(Extracted material)

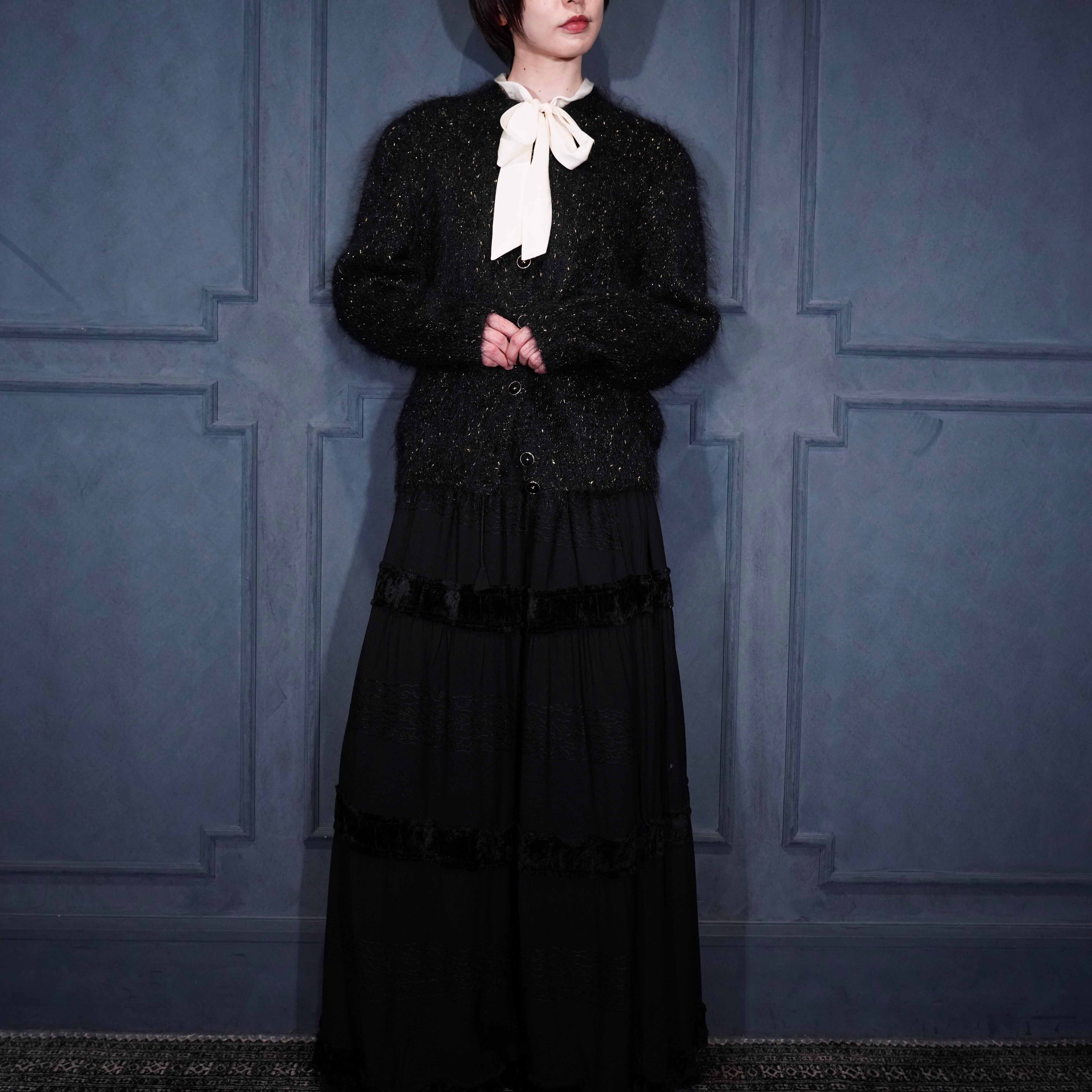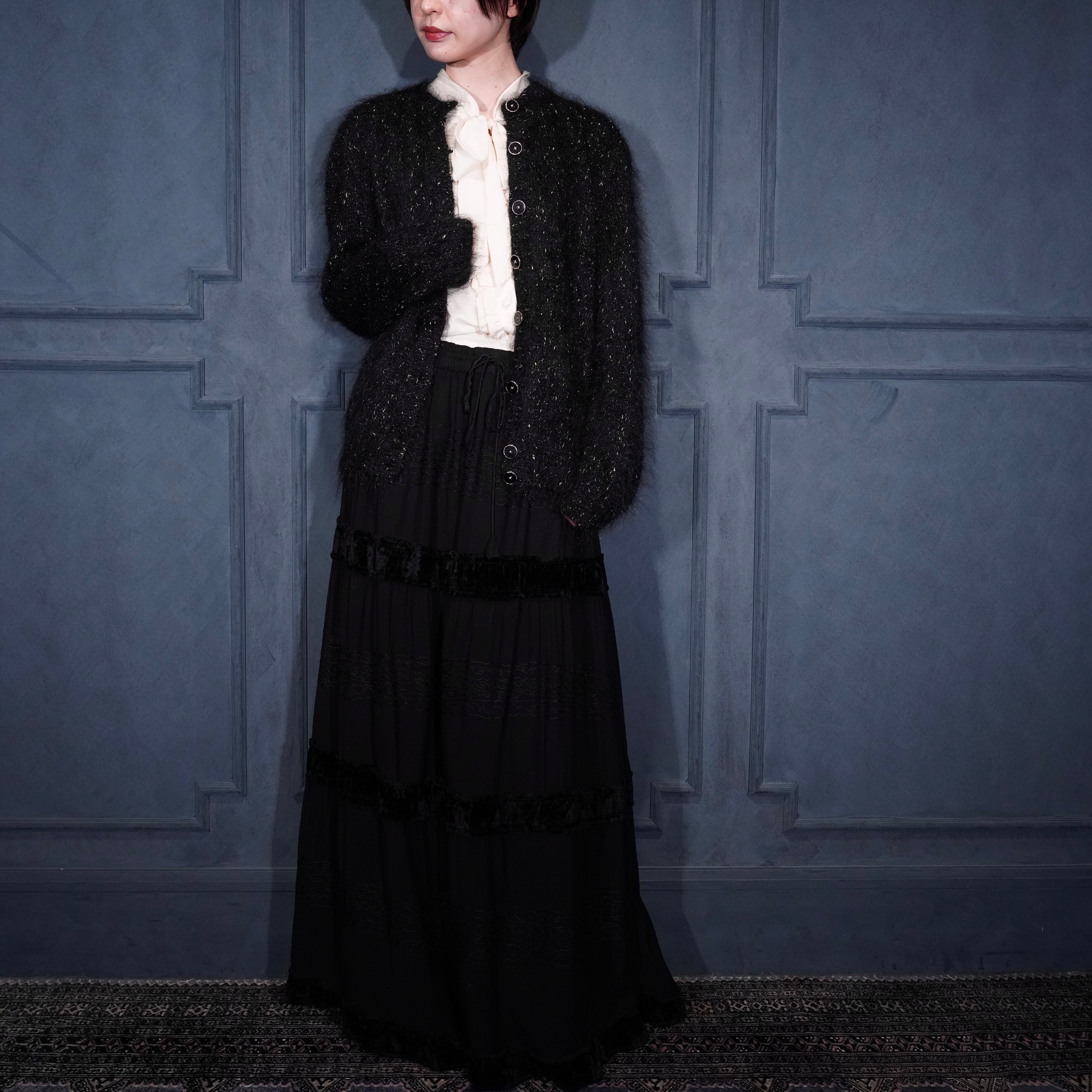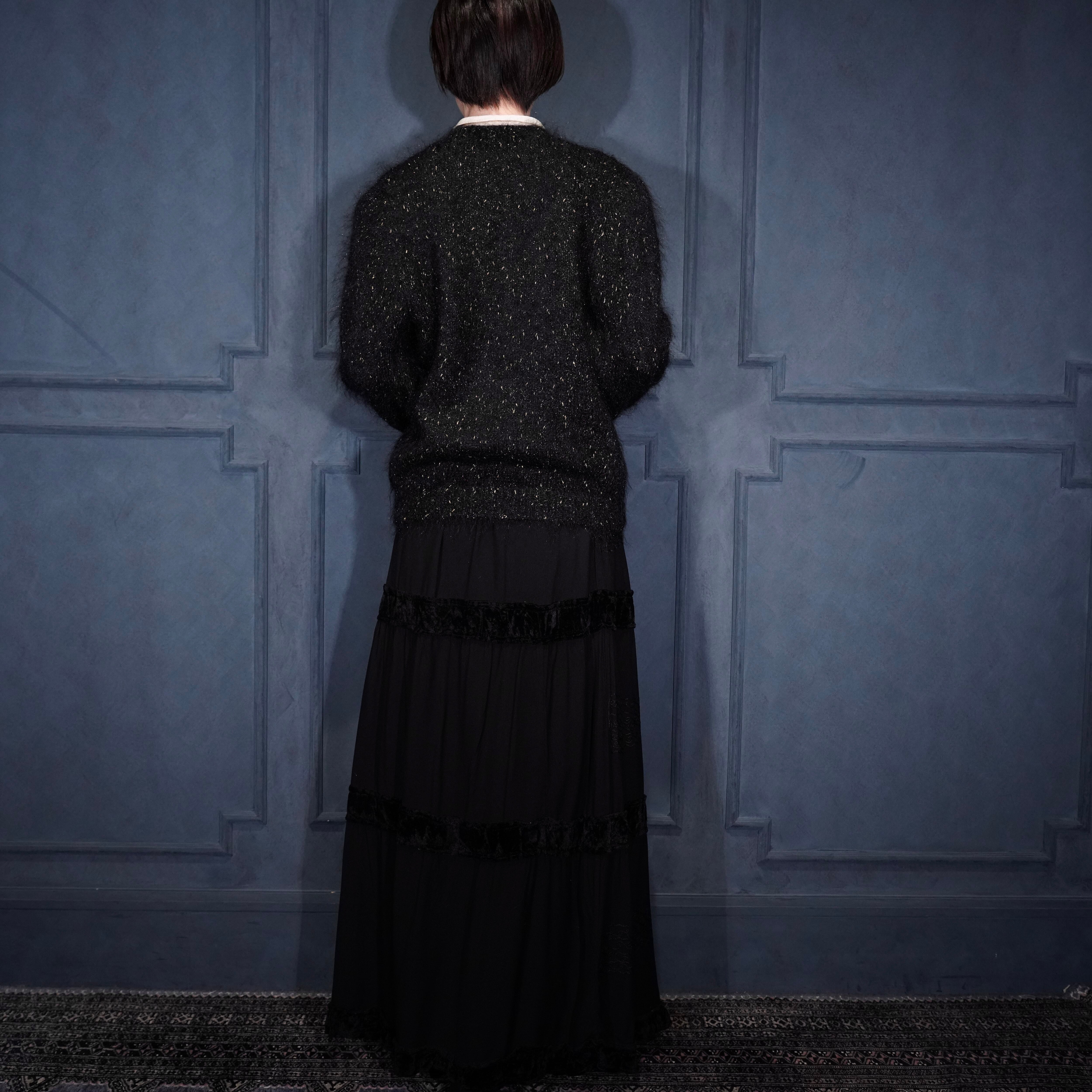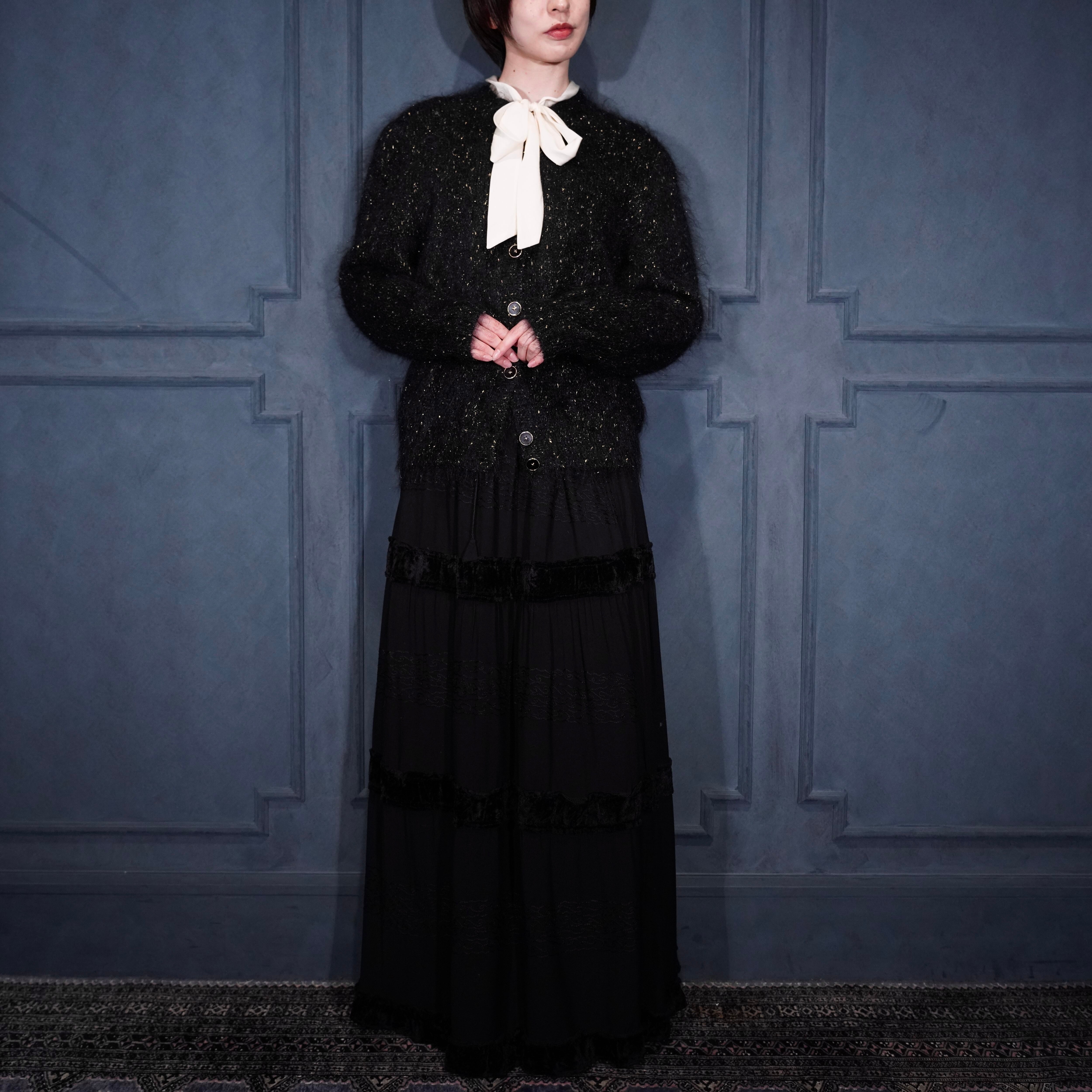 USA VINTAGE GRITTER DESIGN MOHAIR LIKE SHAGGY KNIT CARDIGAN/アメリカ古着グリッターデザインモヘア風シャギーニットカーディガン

(End Extracted material)
(Extracted material)

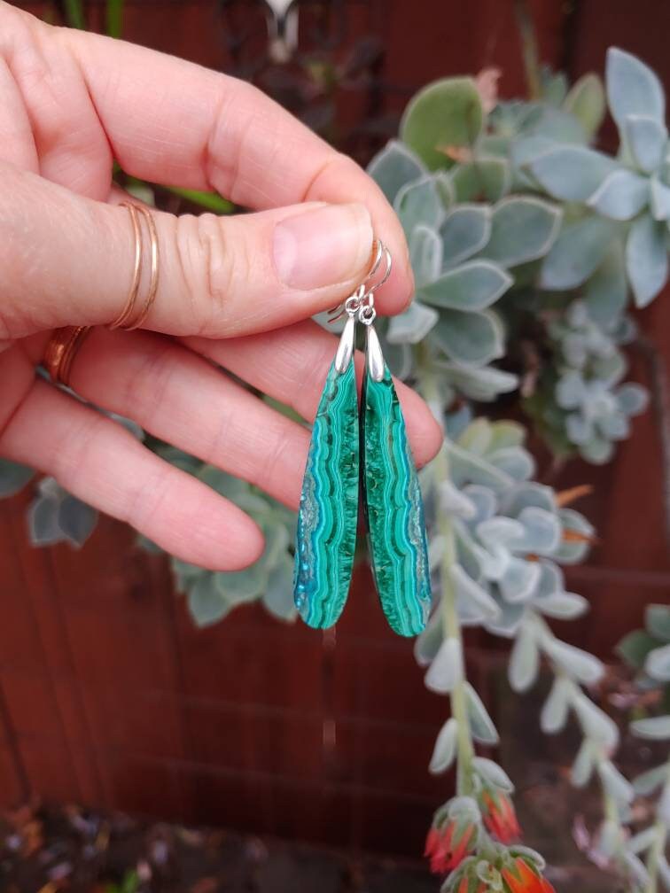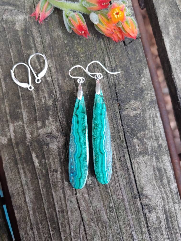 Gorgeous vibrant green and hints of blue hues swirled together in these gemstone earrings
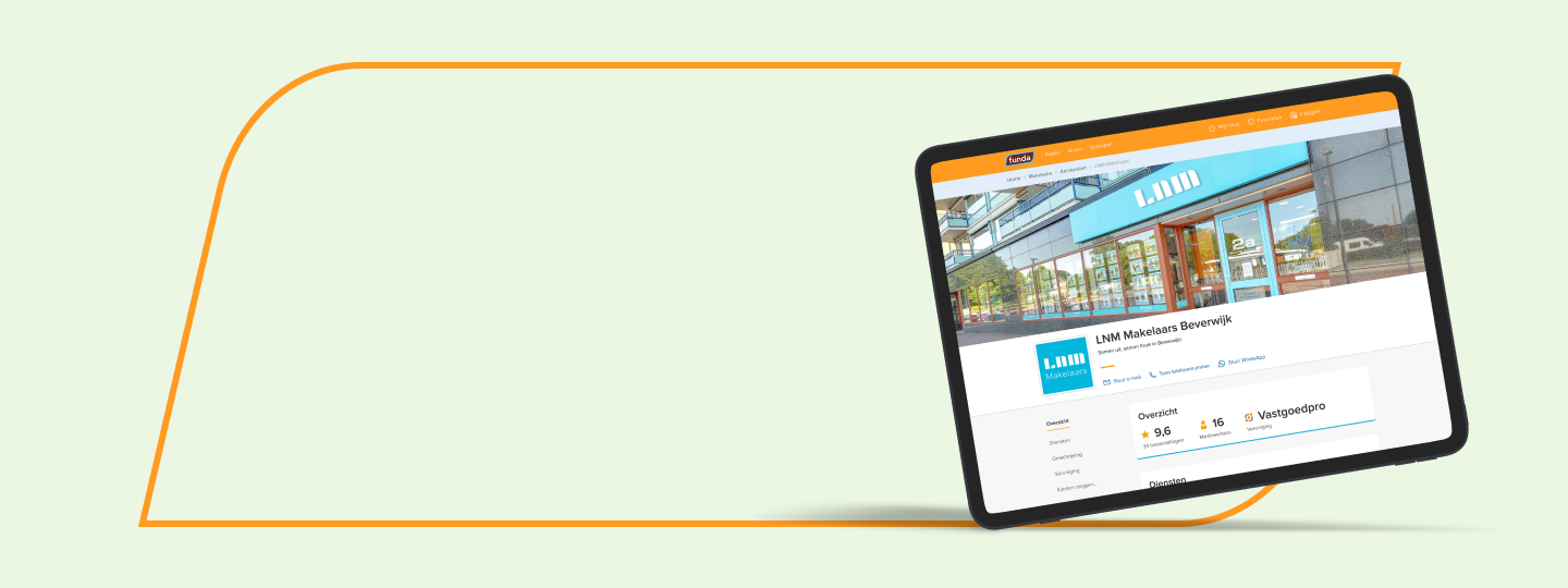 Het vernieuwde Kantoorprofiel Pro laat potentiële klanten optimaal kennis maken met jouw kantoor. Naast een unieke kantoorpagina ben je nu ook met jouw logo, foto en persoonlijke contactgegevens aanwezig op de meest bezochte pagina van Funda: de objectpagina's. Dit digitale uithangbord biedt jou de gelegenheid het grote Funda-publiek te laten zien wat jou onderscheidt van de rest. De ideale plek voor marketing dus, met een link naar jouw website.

(End Extracted material)

◆ What is expected ◆
For this exercise, transcribe exactly the part of the records above that opens with the line containing "Gorgeous vibrant green" and closes with the one containing "Het vernieuwde Kantoorprofiel". Pictures are not part of the copy.

◆ Task output ◆
 Gorgeous vibrant green and hints of blue hues swirled together in these gemstone earrings
 Het vernieuwde Kantoorprofiel Pro laat potentiële klanten optimaal kennis maken met jouw kantoor. Naast een unieke kantoorpagina ben je nu ook met jouw logo, foto en persoonlijke contactgegevens aanwezig op de meest bezochte pagina van Funda: de objectpagina's. Dit digitale uithangbord biedt jou de gelegenheid het grote Funda-publiek te laten zien wat jou onderscheidt van de rest. De ideale plek voor marketing dus, met een link naar jouw website.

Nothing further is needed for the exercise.